True Confessions is the third studio album by English group Bananarama. It was released on 14 July 1986 by London Records. The majority of the album was produced by Tony Swain and Steve Jolley (who produced Bananarama's eponymous second album), with the exception of "Venus" and "More Than Physical". The latter, given a garage remix for its single version, was Bananarama's first songwriting collaboration with the Stock Aitken Waterman (SAW) production team. 

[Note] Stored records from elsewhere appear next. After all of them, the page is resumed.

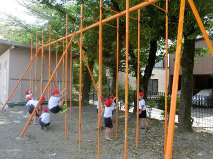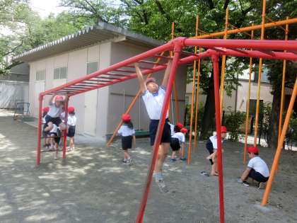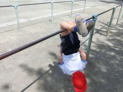 1年生が雲梯、のぼり棒、ジャングルジム、鉄棒に取り組んでいます。
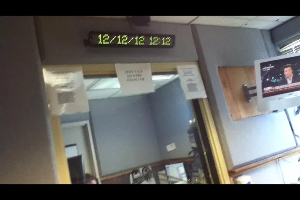 A view of the on-air studio clock on 12/12/12 @ 12:12 PM
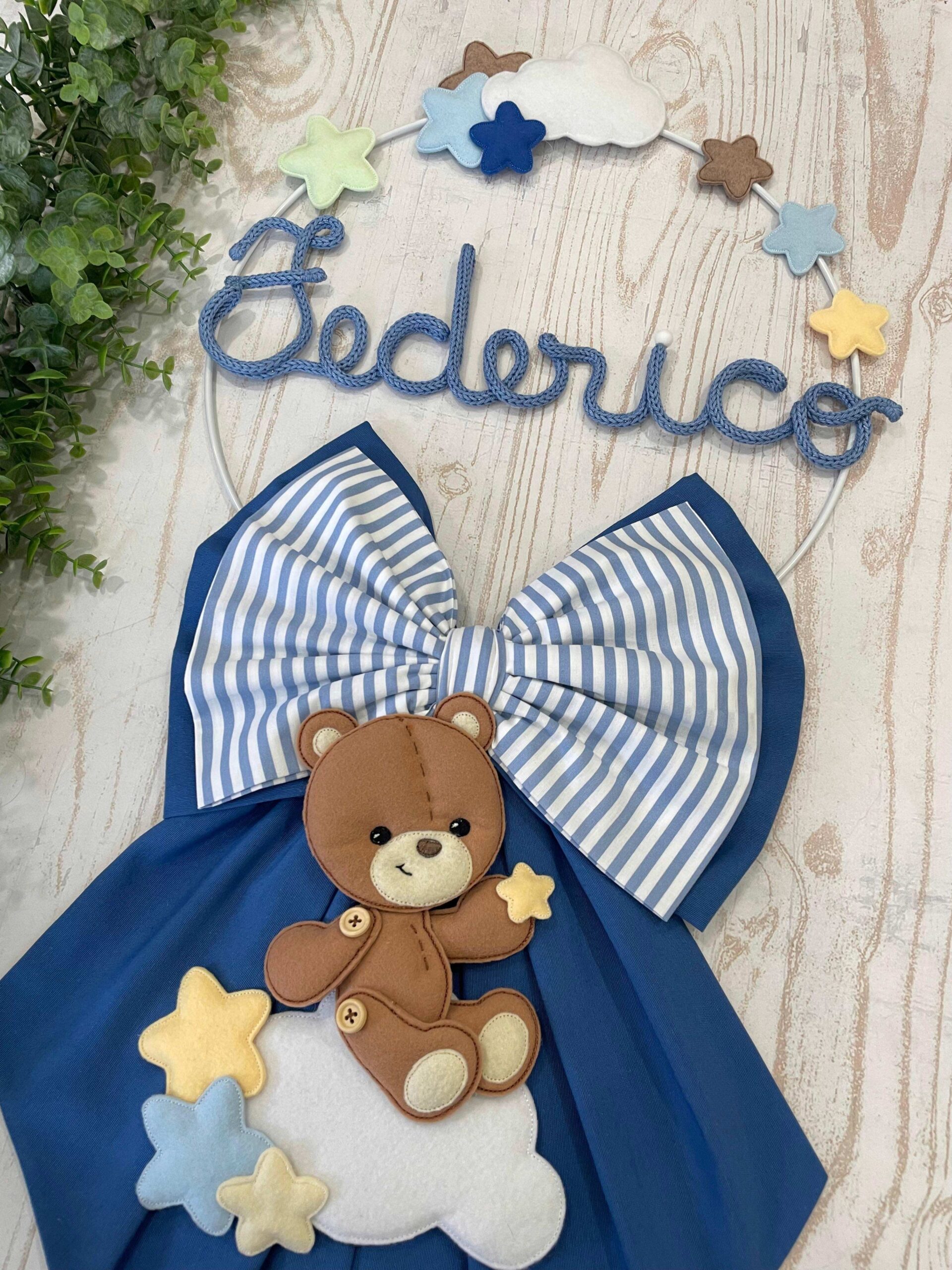 Un cerchio in metallo bianco decorato con nuvolette e stelline in pannolenci, fanno da cornice a questo fiocco originale.
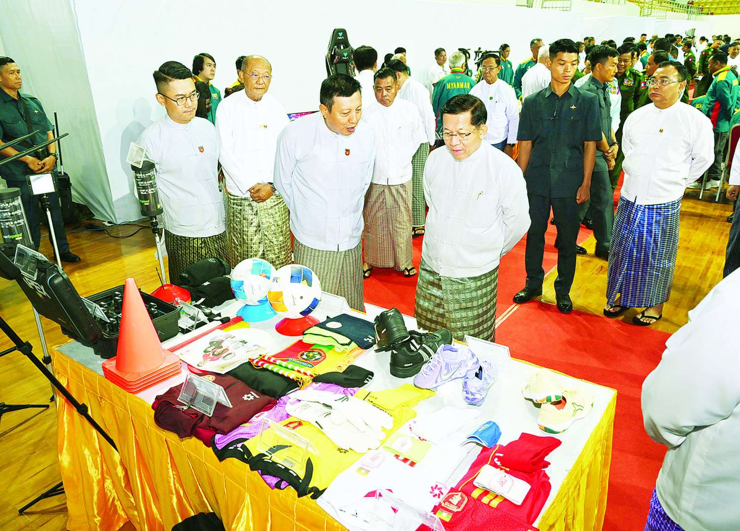 ယင်းနောက် နိုင်ငံတော်ယာယီသမ္မတ နိုင်ငံတော်လုံခြုံရေးနှင့် အေးချမ်းသာယာရေးကော်မရှင်ဥက္ကဋ္ဌက (၃၃)ကြိမ်မြောက် အရှေ့တောင်အာရှအားကစားပြိုင်ပွဲသို့ ဝင်ရောက်ယှဉ်ပြိုင်မည့်အားကစားအဖွဲ့များအား လိုက်လံနှုတ်ဆက်အားပေးစကားပြောကြားပြီး အားကစားအဖွဲ့များအသုံးပြုမည့် အားကစားနည်းများအလိုက် အသုံးအဆောင်ပစ္စည်းများအား ပြခန်းတစ်ခုချင်းစီအလိုက် လိုက်လံကြည့်ရှုစစ်ဆေးကာ တာဝန်ရှိသူများ၏ တင်ပြချက်များအပေါ် လိုအပ်သည်များလမ်းညွှန်မှာကြား ဖြည့်ဆည်းဆောင်ရွက်ပေးခဲ့ကြောင်း သတင်းရရှိသည်။
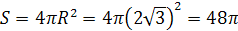 , площадь этой сферы равна 36 2.
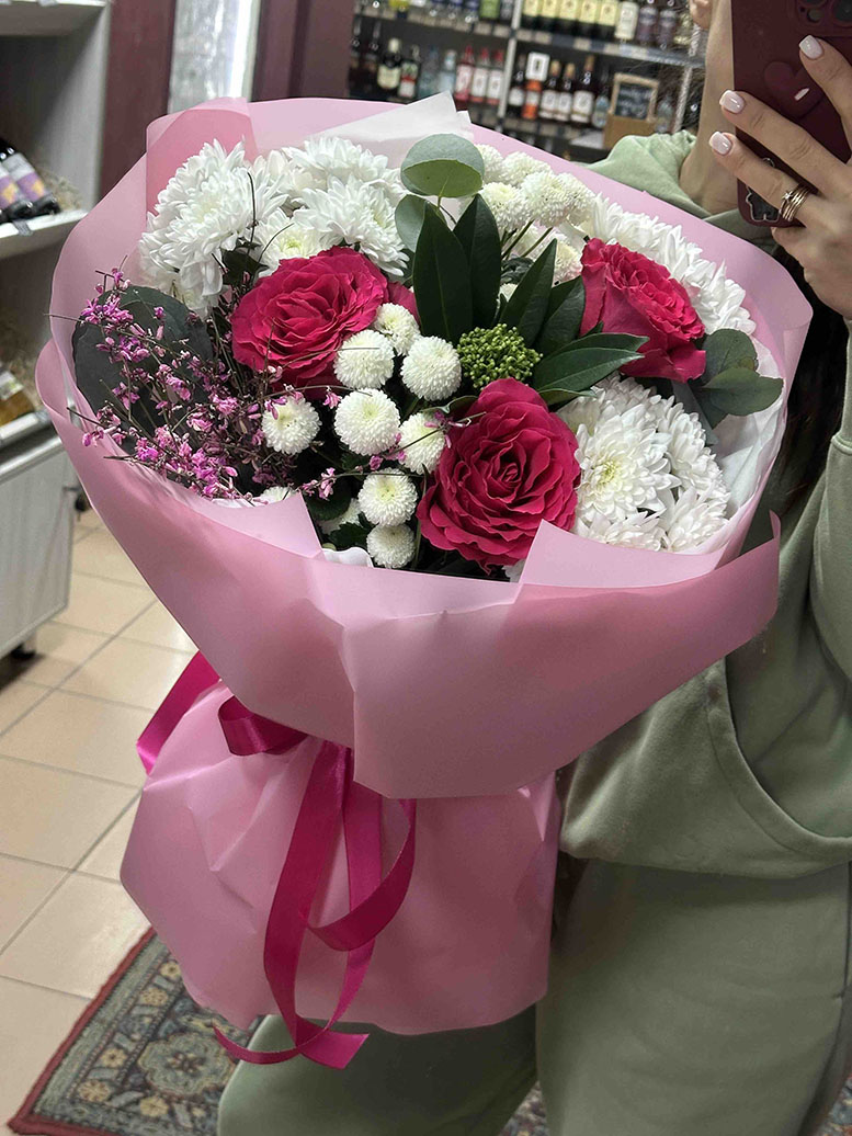 This tender charming bouquet would be suitable for a young girl and actually for a woman of any age:
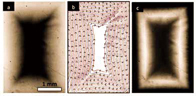 <그림> 높은 임계전류밀도를 갖는 도핑된 페로닉타이드 초전도체. (a)제로필드쿨링 후 10K, 167mT에서 직사각형의 슬래브를 보이는 (Ba0.6K0.4)Fe2As2 벌크의 자기광학 이미지, (b)제로필드쿨링시 계산한 전류흐름라인이 벌크를 따라 순환하고 있다, (c)제로필드쿨링 후 5.7K, 166mT에서 갇힌 자기흐름이 자기광학이미지에 나타났다가 곧 가해진 필드에 의해 사라진다.
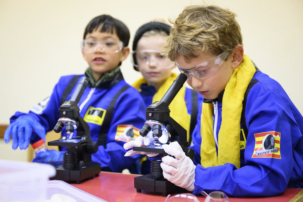 Un grupo de niños de 8 años de la escuela privada suiza Vivalys vistieron como astronautas para salir a recolectar rocas y muestras de hielo durante la Misión El Principito, una simulación de tres días de la vida en la Estación Espacial Internacional (ISS).
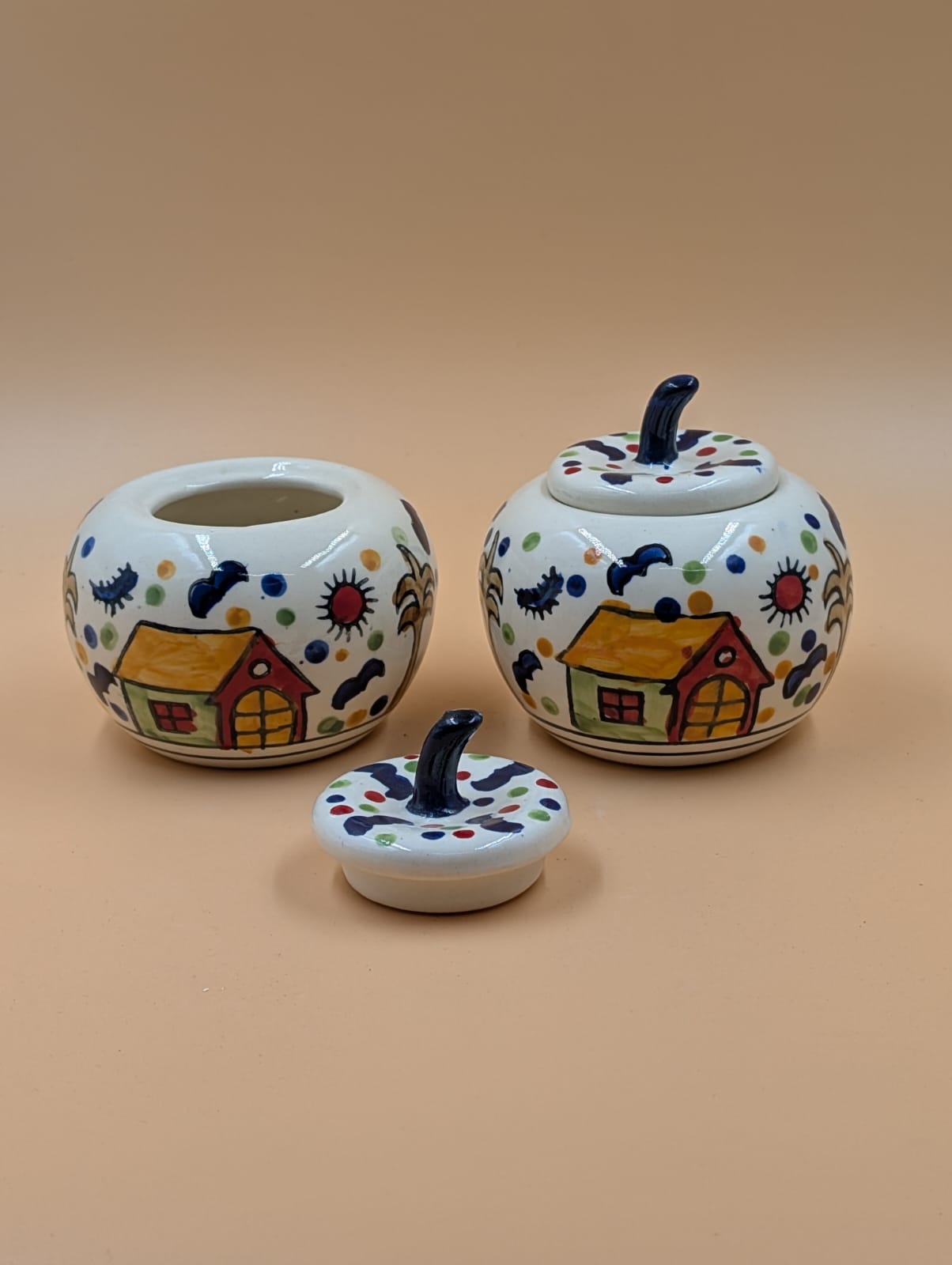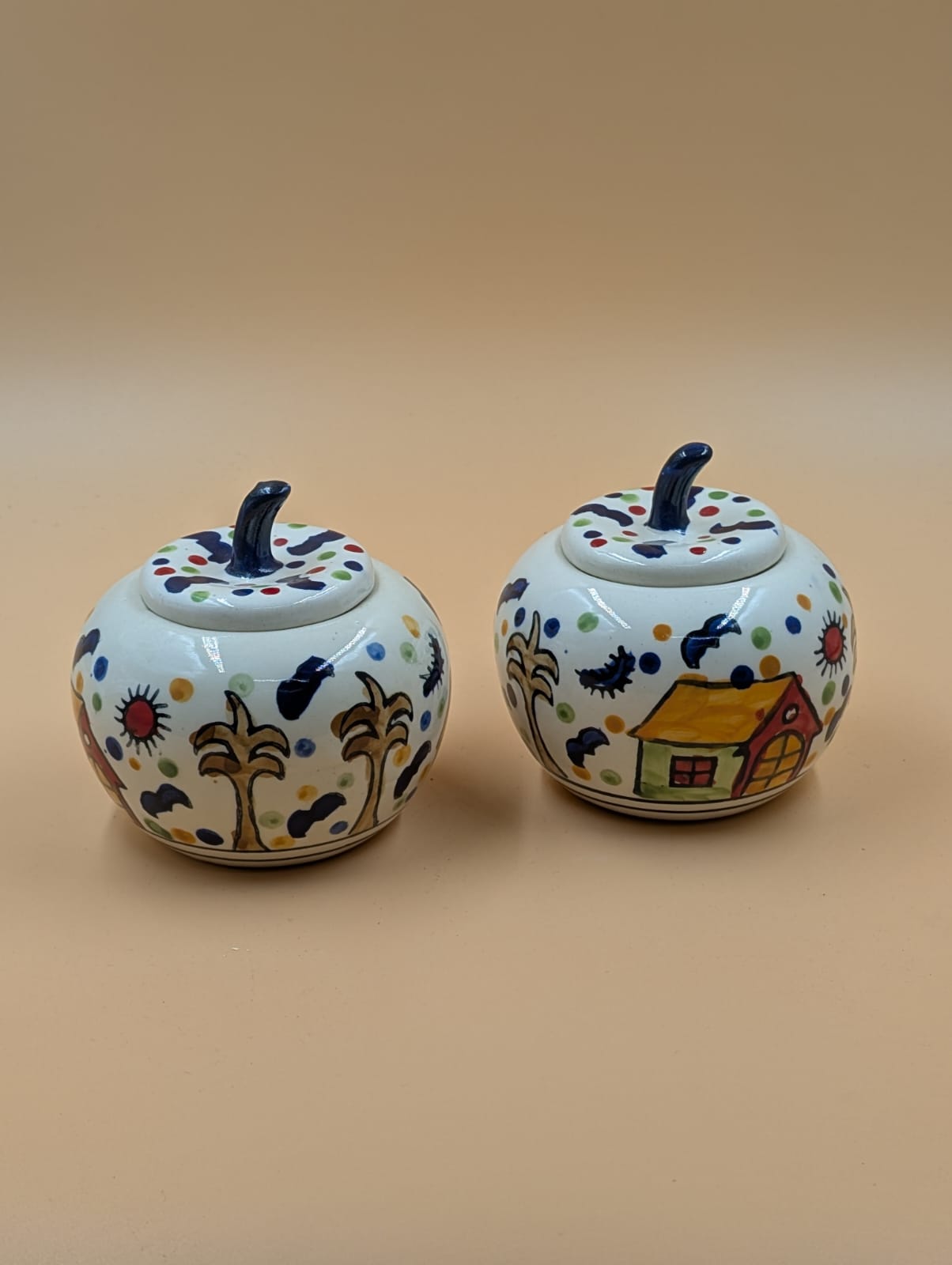 Set of 2 handpainted jars.

The album contains the group's most commercially successful single to date, a cover version of Shocking Blue's 1969 song "Venus", which peaked at number one on the Billboard Hot 100 in the United States. True Confessions reached number 46 on the UK Albums Chart and number 15 on the US Billboard 200, becoming the group's highest-charting album on the latter chart.

The third single, "A Trick of the Night" was written by Jolley and Swain and re-recorded and remixed by SAW for release in the UK. 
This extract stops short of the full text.